Instructions for the task: Please transcribe exactly the lines from the line holding "La Esperanza estuvo" through the end of the data below, and skip any pictures.

Data:
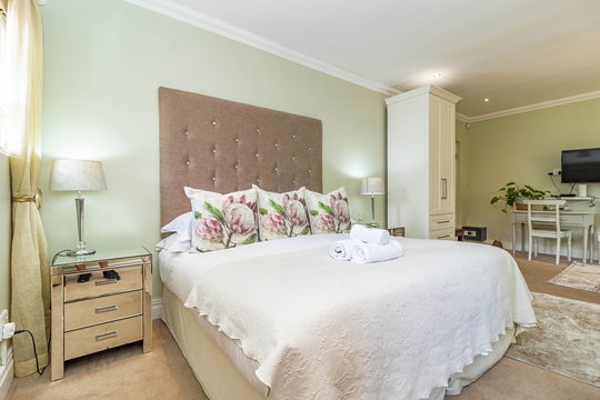 Our Luxury Rooms feature air conditioning, a king-sized bed, and a private bathroom equipped with both a bath and a shower. Each room also includes a bar fridge and a tea and coffee station for your convenience.
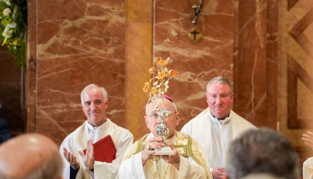 La Esperanza estuvo al pie del presbiterio y dirigiéndose a Ella, el prelado dijo que “cada uno hemos venido a esta basílica como peregrino, y el peregrino viene siempre necesitado de que la Virgen escuche nuestras plegarias y atienda nuestras súplicas”. Al término de su alocución, y tras expresar el “saludo afectuoso y bendición de parte del Papa Francisco”, el legado pontificio colocó la Rosa de Oro a los pies de la Virgen, que se encontraba en el presbiterio, momento en el que los asistentes rompieron la solemnidad del acto con un largo aplauso acompañado por el repique de las campanas de la basílica.
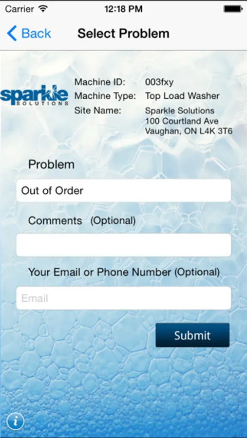 A mobile service request application to provide Sparkle Solutions customers & their residents the ability to submit a service request for a laundry machine or related laundry room equipment. This application uniquely allows you to use a barcode scanner to automatically input the Machine ID & information.

Answer section:
 La Esperanza estuvo al pie del presbiterio y dirigiéndose a Ella, el prelado dijo que “cada uno hemos venido a esta basílica como peregrino, y el peregrino viene siempre necesitado de que la Virgen escuche nuestras plegarias y atienda nuestras súplicas”. Al término de su alocución, y tras expresar el “saludo afectuoso y bendición de parte del Papa Francisco”, el legado pontificio colocó la Rosa de Oro a los pies de la Virgen, que se encontraba en el presbiterio, momento en el que los asistentes rompieron la solemnidad del acto con un largo aplauso acompañado por el repique de las campanas de la basílica.
 A mobile service request application to provide Sparkle Solutions customers & their residents the ability to submit a service request for a laundry machine or related laundry room equipment. This application uniquely allows you to use a barcode scanner to automatically input the Machine ID & information.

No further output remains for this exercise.